To discover the concepts learned by the model, we adapt the sparse autoencoder (SAE) approach as described by 4.
The Sparse Autoencoders (SAEs) proposed by 4 consist of a linear encoder \(f(\cdot)\) with weights \(\vec W_{E}\in\mathbb R^{d\times h}\), a ReLU non-linearity \(\phi\), and a linear decoder \(g(\cdot)\) with weights \(\vec W_D\in\mathbb R^{h\times d}\). For a given input \(\vec a\), the SAE computes:
\[ \begin{align} \text{SAE}(\vec a) = (g \circ \phi \circ f) (\vec a) = \vec W_D^T\;\phi\left(\vec W_E^T \vec a\right)\;. \end{align} \]Importantly, the hidden representation \(f(\vec a)\) is of significantly higher dimensionality than the CLIP embedding space (i.e., \(h\gg d\)), but optimised to activate only very sparsely. Specifically, the SAE is trained with an \(L_2\) reconstruction loss, as well as an \(L_1\) sparsity regularisation:
\[ \begin{align} \mathcal L_\text{SAE}(\vec a) = \lVert\text{SAE}(\vec a) - \vec a\rVert^2_2 + \lambda_1 \lVert \phi(f(\vec a))\rVert_1 \end{align} \]with \(\lambda_1\) a hyperparameter. To discover a diverse set of concepts for usage in downstream tasks, we train the SAE on a large dataset \(\mathcal{D}_\text{extract}\); given the reconstruction objective, no labels for this dataset are required.
Once we trained the SAE, we automatically name the individual feature dimensions in the hidden representation of the SAE. For this, we use a large vocabulary \(\mathcal{V}=\{v_1,v_2,\dots\}\) of English words, which we embed via the CLIP text encoder \(\mathcal T\) to obtain word embeddings \(\mathcal E=\{\vec e_1, \vec e_2, \dots\}\).
To name the SAE’s hidden features, we propose to leverage the fact that each of the SAE neurons \(c\) is assigned a specific dictionary vector \(\vec p_c\), corresponding to a column of the decoder weight matrix:
\[ \begin{align} \vec p_c = [\vec W_D]_c \in \mathbb R^{d}\;. \end{align} \]If the SAE indeed succeeds to decompose image representations given by CLIP into individual concepts, we expect the \(\vec p_c\) to resemble the embeddings of particular words that CLIP has learnt to expect in a corresponding image caption.

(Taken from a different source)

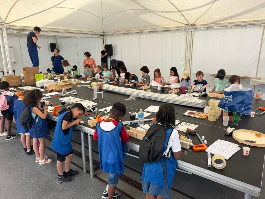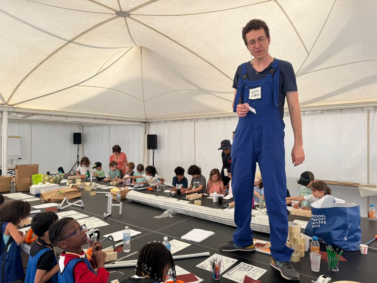 Kids had a lot of hands-on activities to do at Maker Faire Lille. At the Giant Workshop tent, the kids were cutting PVC pipe and making a kind of marshmallow shooter — although these were designed to shoot a paper cap. The facilitator — today it was Fabian — stands atop the tables like a conductor urging forty students to play with PVC pipes. They seemed to take to this project.

Hence, to name the ‘concept’ neuron \(c\) of the SAE, we propose to assign it the word \(s_c\) of the closest text embedding in \(\mathcal E\):
\[ \begin{equation} s_c = \arg\min_{v \in \mathcal{V}} \;\left[\cos\left(\vec p_c,\mathcal{T}(v)\right) \right]\;. \end{equation} \]Note that this setting is equivalent to using the SAE to reconstruct a CLIP feature when only the concept to be named is present. As CLIP was trained to optimise cosine similarities between text and image embeddings, using the cosine similarity to assign names to concept nodes is a natural choice in this context.
Thus far, we trained an SAE to obtain sparse representations, and named individual ’neurons’ by leveraging the similarity between dictionary vectors \(\vec p_c\) to word embeddings obtained via CLIP’s text encoder \(\mathcal T\).

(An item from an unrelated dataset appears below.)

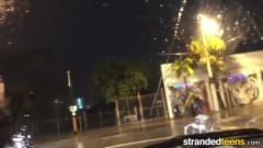 Esta jovem pede uma carona para ir para casa numa noite chuvosa. Para agredecer a generosidade do motorista ela chupa o pau dele e dá a bucetinha!

Such a sparse decomposition into named ‘concepts’ constitutes the ideal starting point for constructing interpretable CBMs for a given labelled dataset \(\mathcal D_\text{probe}\), we can now train a linear transformation \(h(\cdot)\) on the SAE’s sparse concept activations, yielding our CBM \(t(\cdot)\):
\[ \begin{align} t(\vec x_i) = (\underbrace{h}_\text{Probe} \circ \;\underbrace{\phi \circ f}_\text{SAE} \; \circ \underbrace{\mathcal I}_\text{CLIP}) (\vec x_i)\;. \end{align} \]Here, \(\vec x_i\) denotes an image from the probe dataset. The probe is trained using the cross-entropy loss, and to increase the interpretability of the resulting CBM classifier, we additionally apply a sparsity loss to the probe weights:
\[ \begin{align} \mathcal L_\text{probe}(\vec x_i) = \text{CE}\left(t(\vec x_i), y_i\right)+ \lambda_2 \lVert\omega\rVert_1 \end{align} \]where, \(\lambda_2\) is a hyperparameter, \(y_i\) the ground truth label of \(\vec x_i\) in the probe dataset, and \(\omega\) denotes the parameters of the linear probe.

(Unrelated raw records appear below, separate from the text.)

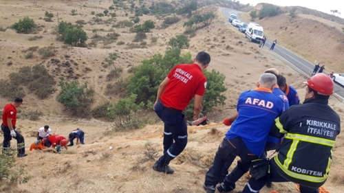 Kırıkkale'de takla atan otomobil 30 metrelik yamaçtan aşağı yuvarlandı. Meydana gelen kazada 2 kişi hayatını kaybetti. Kaza, Kırıkkale'nin Keskin ilçesinin Ceritmüminli köyünde meydana geldi. Edinilen bilgiye göre, seyir halinde direksiyon hakimiyetini kaybeden Ömer Sakallı, 71 DH 926 plakalı otomobiliyle takla atarak yaklaşık 30 metrelik yamaçtan aşağıya yuvarlandı. Kazayı gören bir vatandaş ise 112 acil servis sağlık ekiplerine haber verdi. Olay yerine gelen sağlık ekipleri sürücü Ömer Sakallı'nın olay yerinde hayatını kaybettiğini belirledi. Ağır yaralı Ferit Pekcan ise kaldırıldığı hastanede hayatını kaybetti. Olay yerine gelen AFAD ve itfaiye ekipleri aracın içindeki cesedi, halat ve sedye yardımıyla 30 metrelik yükseklikten çıkarttı. Sakallı ve Pekcan'ın cesedi Kırıkkale Yüksek İhtisas Hastanesi morguna götürüldü. Kazayla ilgili tahkikat başlatıldı.
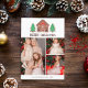Christmas photo card with a gingerbread house with two gingerbread trees decorated with white, red, and green frosting. Add three photos of your family!
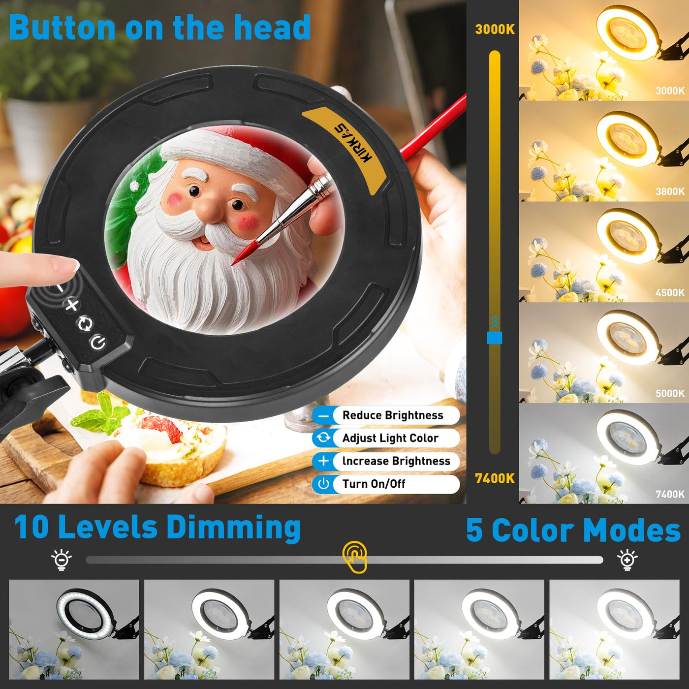 Kirkas 12X Magnifying Glass With Light Large Clamp, Real Glass Lens Lighted Magnifying Lamp, 3 Section Swing Arm And 5 Color Mod

Here, we showcase some of the discovered concepts and the assigned names of our approach.
Figure 7 visualizes the top activating images across four datasets for various concepts that were discovered and named as described above.
In particular, we show examples for various low-level concepts (turquoise, pink, striped), object and scene-specific concepts (sunglasses, fog, silhouette), as well as higher-level concepts (asleep, smiling), and find that the visualized concepts not only exhibit a high level of semantic consistency, but also that the automatically chosen names for the concepts accurately reflect the common feature in the images, despite coming from very different datasets. This highlights the promise of the SAE for disentangling representations into human interpretable concepts as well as of the proposed strategy for naming those concepts.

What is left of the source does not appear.